C PEHLEVAN (Harvard)

Date: 

Thursday, March 28, 2019, 3:00pm to 4:00pm

Location: 

Pierce Hall, Rm 209, 29 Oxford St, Cambridge, MA 02138, USA
"What Learning Objectives Does Hebbian Plasticity Optimize?" Synaptic plasticity is widely accepted to be the mechanism behind learning in the brain’s neural networks (NNs). A central question is how synapses, which have access to only local information about the state of the network, can still organize collectively and perform circuit-wide learning in an efficient manner.
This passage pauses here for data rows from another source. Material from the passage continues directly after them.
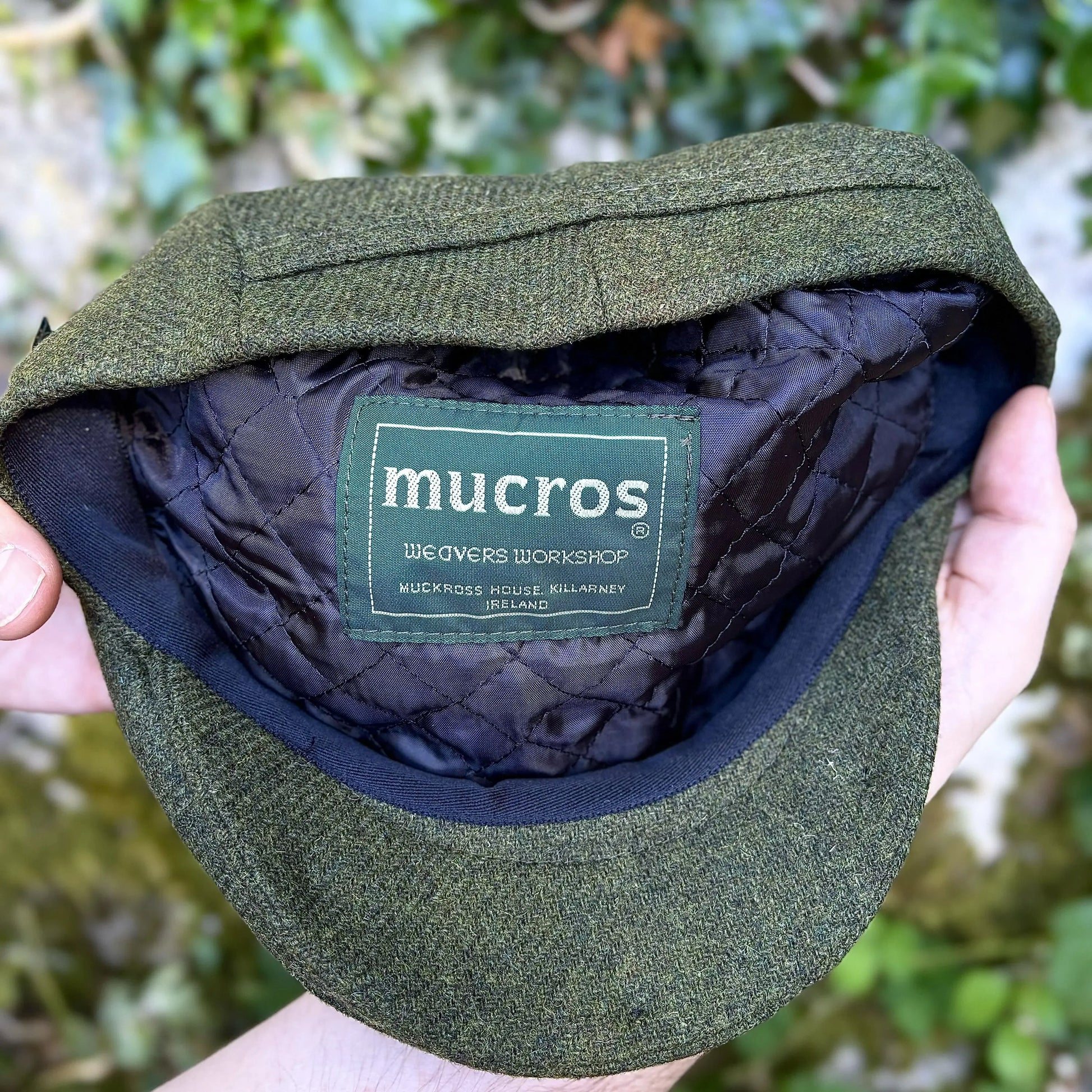 The 100% Wool Mucros Weavers Trinity Cap 163 is inspired by the traditional Irish art of handcrafted wool caps. This tweed cap is the perfect combination of style, function and craftsmanship. The Trinity style features quilted lining making it the perfect hat for cooler conditions while providing added comfort. Handcrafted by Mucros Weavers at Muckross House , Killarney, County Kerry, Ireland.
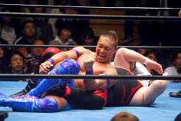 ドス弓矢固め、4代目カバー、カウント1。ドスはカニばさみで倒してハンマーロックに固める(右写真)、
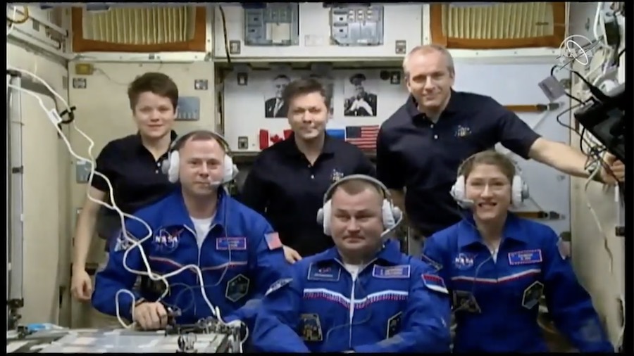 Expedition 59 crew members Anne McClain, Oleg Konoenko, and David Saint-Jacques welcome their new crew members, Nick Hague, Christina Koch, and Alexey Ovchinin, who arrived to the International Space Station on March 14, 2019. Image Credit: NASA TV
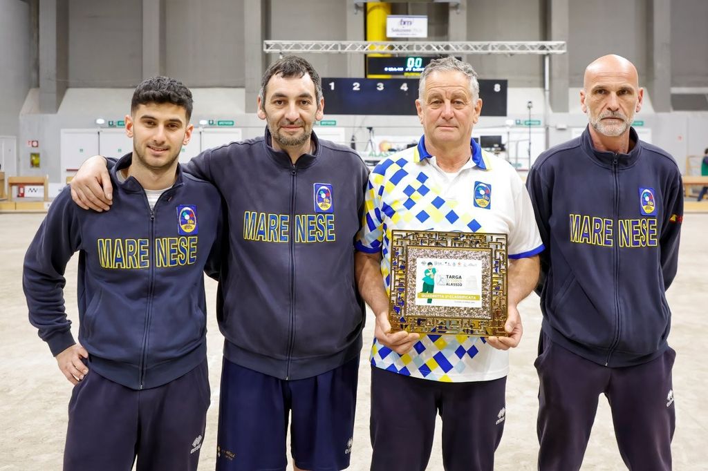 Il trofeo più prestigioso e ambito, quello della storica gara a quadrette (231 al via) è finito, per la prima volta, nella bacheca della Bocce Mondovì grazie a Luca Baccino, Mauro Renato Carello, Giorgio Cavallo e Guillermo Sebastian Montemerlo, i quali al termine di un’infinita finale hanno avuto la meglio per 8-7 sui trevigiani della Marenese di Mareno di Piave (Ivan Soligon, Lino Frare, Alessandro Porello e Franco Soligon). Per la formazione cuneese prestazioni da album dei ricordi per Carello e per l’argentino Montemerlo (due titoli mondiali all’attivo), premiati rispettivamente con il Memorial Arrigo Caudera e il Memorial Beppe Andreoli quali miglior puntatore e miglior bocciatore. Per il comprensorio monregalese non si tratta del primo trionfo assoluto nella Targa d’oro. Nell’ormai lontano 1994 ad alzare il trofeo erano stati infatti Gonella-Ferraro-Broccardo-Lubatti (Le Valli Monregalesi di Niella Tanaro). Sul podio 2025 sono salite altre due compagini piemontesi: i campioni uscenti della Perosina (Collet, Janzic, Mana e Data) e la Brb Ivrea (Capello, Graziano, Nari, Maina), questi ultimi superati al fotofinish in semifinale da Baccino e compagni. Migliore tra le formazioni liguri, ancora una volta, la Chiavarese (Bunino, Griva, Zucca, Bresciano), eliminata nei quarti.

We show that such local learning actually optimizes a novel class of network-wide learning objectives. These objectives are based on similarities and contain a term that aligns the similarity of outputs to the similarity of inputs. Online optimization of these objectives leads to algorithms implementable by biologically-plausible NNs with local learning rules. Members of the fast-growing family of similarity-based objectives and associated NNs solve unsupervised learning tasks relevant to the brain such as dimensionality reduction, sparse and/or nonnegative feature extraction, blind source separation, clustering and manifold learning. In addition to serving as models of natural NNs, such networks can serve as general-purpose machine learning algorithms. Speaker Bio: Cengiz (pronounced "Jen·ghiz”) Pehlevan is an Assistant Professor of Applied Mathematics at Harvard SEAS. His research interests are in theoretical neuroscience and neural computation. Cengiz comes to SEAS from the Flatiron Institute's Center for Computational Biology (CCB), where he was a a research scientist in the neuroscience group. Before CCB, Cengiz was a postdoctoral associate at Janelia Research Campus, and before that a Swartz Fellow at Harvard. Cengiz received a doctorate in physics from Brown University and undergraduate degrees in physics and electrical engineering from Bogazici University in Turkey.